— Как он сегодня утром, Найклос? — спросил сэр Гвилим Мантир, поворачиваясь спиной к панораме залива Горат.
— Не так хорошо, как он притворяется, сэр, — ответил Найклос Валейн.
Худощавый, щеголеватый камердинер присоединился к адмиралу у поручней бака и мягко пригладил усы, тоже глядя на залив. Небо над головой представляло собой голубую чашу, усеянную белыми облачками, и свежий ветерок — прохладный, но без горького укуса только что прошедшей зимы — дул по палубе. Виверны и морские птицы летали на ветру, их крики и свист были слабыми, а трехфутовые волны слегка качали палубу под ногами, когда якорь корабля держал его нос по ветру.
Не то чтобы устаревшая крытая прибрежная галера больше не была кораблем, размышлял Мантир, снова глядя через залив на ненавистный вид высоких каменных стен города Горат. За последние семь месяцев у него было слишком много возможностей осмотреть эти стены. Он провел бесконечные часы, представляя, насколько уязвимыми они будут для современной артиллерии… и сожалея о том, что у него никогда не будет возможности увидеть, как эту уязвимость продемонстрируют.
Он отвернулся от знакомого лавового потока гнева от этой мысли, хотя созерцание его оставшейся «команды» вряд ли было более привлекательным. Ливис Гардинир, граф Тирск, сделал все возможное для своих пленников — честно говоря, больше, чем ожидал Мантир, после жестких условий, которые тогдашний наследный принц Кайлеб наложил на него после битвы при Крэг-Рич, — но он столкнулся с определенными ограничениями. Самым большим было то, что он казался единственным доларским аристократом, обладающим чем-то отдаленно напоминающим чувство чести. Остальных слишком занимала ненависть ко всем чарисийцам за сокрушительное унижение в битвах при Рок-Пойнте и Крэг-Рич. Либо так, либо они были слишком завзятыми приверженцами Храма, подхалимами инквизиции — или и то, и другое — чтобы беспокоиться о таких мелочах, как надлежащее обращение со сдавшимися с почетом военнопленными.
Мантир знал, что его собственное чувство неудачи и беспомощности, когда он размышлял о вероятном будущем солдат и офицеров, которыми он командовал, только усугубляло его горечь. Но когда он оглядел ветхие заплесневелые галеры, которые были превращены в тюремные корпуса для размещения его персонала, когда он подумал о том, как неохотно удовлетворялись их потребности, насколько скудными были их пайки, как мало заботился даже орден Паскуале о его раненых и больных, было трудно чувствовать что-либо, кроме горечи.
Особенно когда ты знаешь, что все, кто стоит между твоими людьми и инквизицией, — Тирск и — кто бы в это поверил? — «вспомогательный епископ-шулерит», — подумал он.

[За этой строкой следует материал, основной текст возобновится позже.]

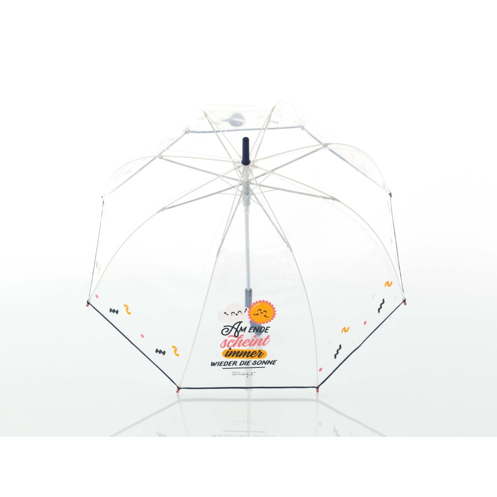 Dziecięcy parasol automatyczny z prostą rączką z przezroczystym dachem. Bardzo wysokiej jakości konstrukcja z włókna szklanego i aluminium. Dwa ostatnie segmenty wykonane z włókna szklanego, co zapobiega uszkodzeniu parasola podczas wiatru i ułatwia jego powrót do pierwotnej pozycji.

Он был не единственным чарисийцем, которого отравляла горечь, — напомнил он себе. Он и его оставшиеся в живых офицеры делали все возможное, чтобы поддерживать боевой дух, но это было трудно. Чарисийские моряки, по большому счету, были далеко не глупы, и даже самый молодой оставшийся в живых корабельный юнга мог понять, что происходит. Запертые в унылом, сыром, бесплодном однообразии своих плавучих тюрем изо дня в день; лишенные права даже отправлять письма домой, чтобы сообщить своим семьям, что они все еще живы (по крайней мере, пока); плохо питающиеся; без физических упражнений; без имея теплой одежды на зиму, которая была бы очень холодной для любого, а тем более для мужчин с их субтропической родины, едва ли было удивительно, когда даже чарисийцам было трудно притворяться друг перед другом, что они не могли видеть, что надвигается.
Это одна из причин, по которой у нас так много болезней в командах, — с горечью сказал себе Мантир. — Не считая множества других причин. Кроме Тирска и епископа Майка, никому из этих людей нет никакого дела до того, подпадают ли еретики-чарисийцы под действие закона Паскуале или нет. Черт возьми, большинство из них, вероятно, считают, что «еретики» не имеют никакого права беспокоиться о приказах Паскуале! В любом случае, черт возьми, они не утруждают себя обеспечением надлежащей диеты, предписанной его законом. Неудивительно, что мы действительно наблюдаем цингу среди мужчин! И когда вы включаете эту так называемую еду в условия жизни — такие, какие они есть, — и в отчаяние, это чудо, что еще не все больны!